Melatonin regulation of transcription in the reversal of morphine tolerance: Microarray analysis of differential gene expression

Tolerance and associated hyperalgesia induced by long-term morphine administration substantially restrict the clinical use of morphine in pain treatment. Melatonin, a neurohormone released by the pineal gland, has been demonstrated to attenuate anti-nociceptive morphine tolerance. The present study investigates differentially expressed genes in the process of morphine tolerance and altered gene expression subsequent to melatonin treatment in chronic morphine-infused ratspinal cords. Morphine tolerance was induced in male Wistar rats by intrathecal morphine infusion (the MO group). Melatonin (the MOMa group) was administered to overcome the effects derived by morphine. The mRNA collected from L5-S3 of the spinal cord was extracted and analysed by rat expression microarray. Principal component analysis and clustering analysis revealed that the overall gene profiles were different in morphine and melatonin treatments.
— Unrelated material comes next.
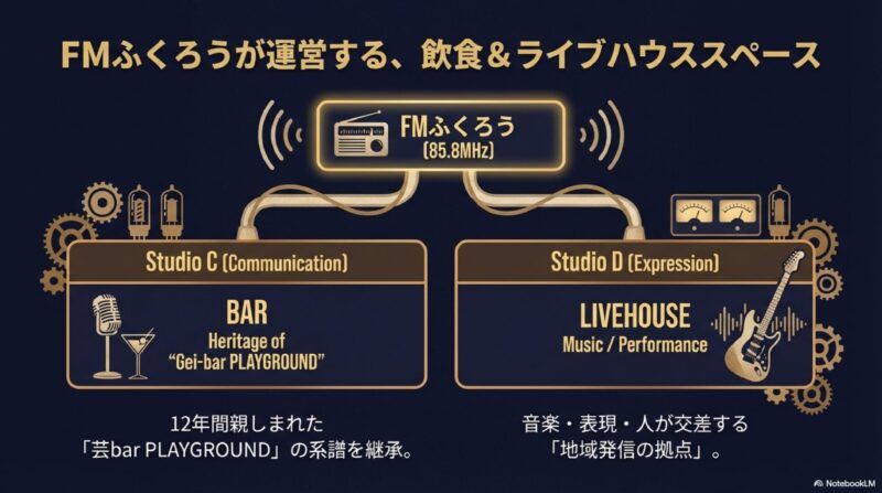 FMふくろうが運営する飲食&LIVEHOUSEスペース

Subsequent to Gene Ontology analysis, the biological processes of differentially expressed genes of MO and MOMa compared with the control group were constructed. Furthermore, a panel of genes exclusively expressed following melatonin treatment and another panel of genes with inverse expression between the MO and MOMa group were also established. Subsequent to PANTHER pathway analysis, a group of genes with inverse expression following melatonin administrated compared with morphine alone were identified. The expression levels of genes of interest were also confirmed using a reverse transcription-quantitative polymerase chain reaction. The gene panel that was constructed suggests a potential signaling pathway in morphine tolerance development and is valuable for investigating the mechanism of morphine tolerance and the regulatory gene profiles of melatonin treatment. These results may contribute to the discovery of potential drug targets in morphine tolerance treatments in the future.